Query router + shards	Splits queries to index shards; merges top results.	Each shard holds subset of postings; parallelism reduces query latency.
Feature store / PageRank store	Precomputed signals (popularity, quality).	Ranking needs signals beyond BM25; stored separately for fast join at query time.

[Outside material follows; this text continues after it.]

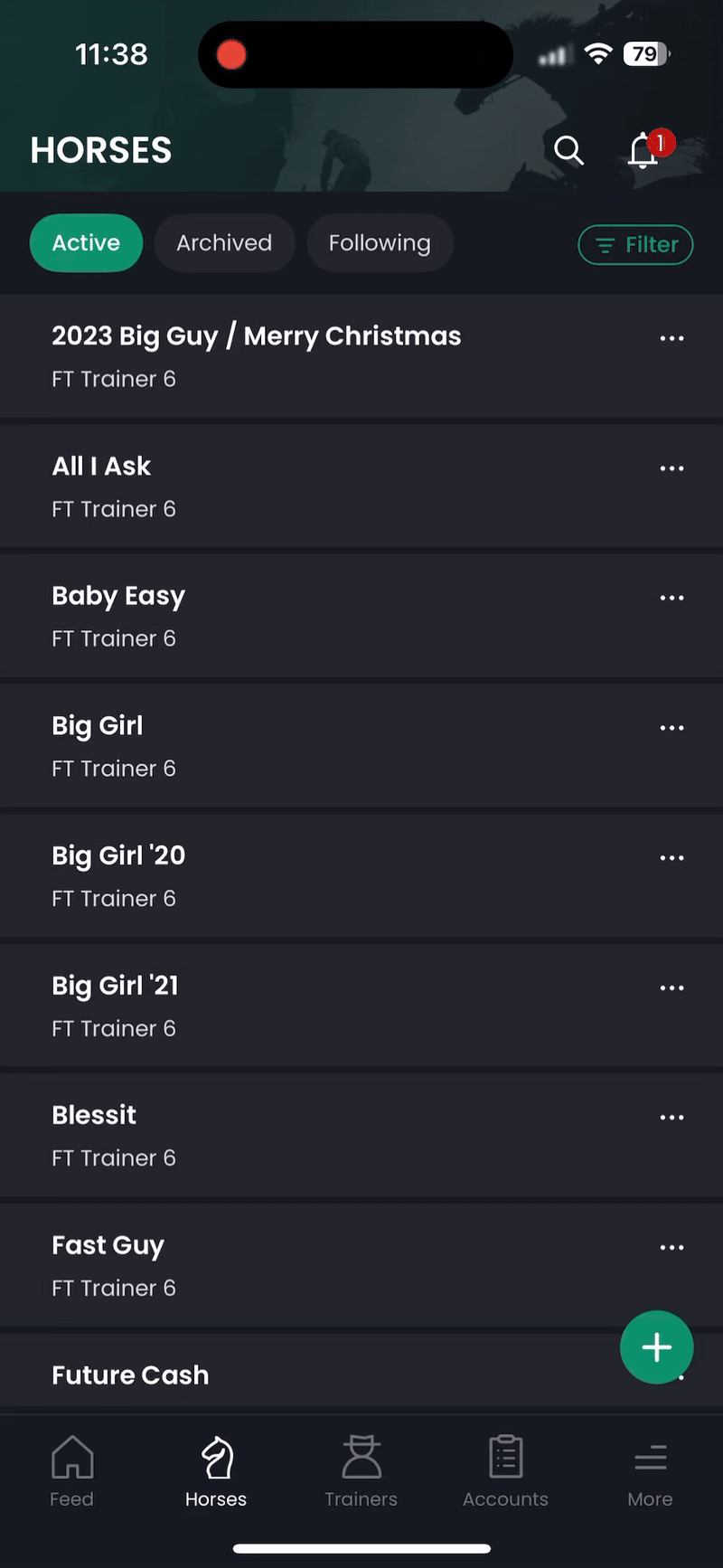 - Tap the + floating button in the bottom-right corner of the Horses tab.

Shared definitions: 00-glossary-common-services.md

Low-level design

Frontier & politeness

Per-host queues in Redis ZSET (next_fetch_time) to enforce crawl-delay.
Bloom filter of seen URLs to avoid duplicate enqueue (tunable false positive).

Storage

Raw HTML: S3 for replay/debug.
Index: OpenSearch / Elasticsearch per shard; or custom Lucene on disk per node.
Link graph: Bigtable / Cassandra for PageRank batch jobs in Spark.

Ranking

BM25 baseline + learning-to-rank with click logs in ClickHouse.
Freshness boost for news queries (detect QDF — query deserves freshness).

Query path

Spellcheck: SymSpell index sidecar or Elasticsearch suggester.
Snippets: positions in inverted list → fetch window from stored forward index (doc store).

E2E: user query

Rendering diagram…

Tricky parts

Problem	Solution
Hot queries	CDN for instant answers; Redis top-query cache
Shard skew	Partition by hash(term) not alphabet (avoid “a” overload)
Deep pagination	search_after cursors; discourage page 1000
JavaScript-heavy sites	Headless Chrome render farm — expensive, selective

Caveats

Legal: copyright on snippets; GDPR right to be forgotten → tombstone in index.
Spam: TrustRank, Penguin-like link penalties — ongoing ML ops.

Managed options

Amazon OpenSearch Service, Azure AI Search, Elastic Cloud — trade control for ops savings.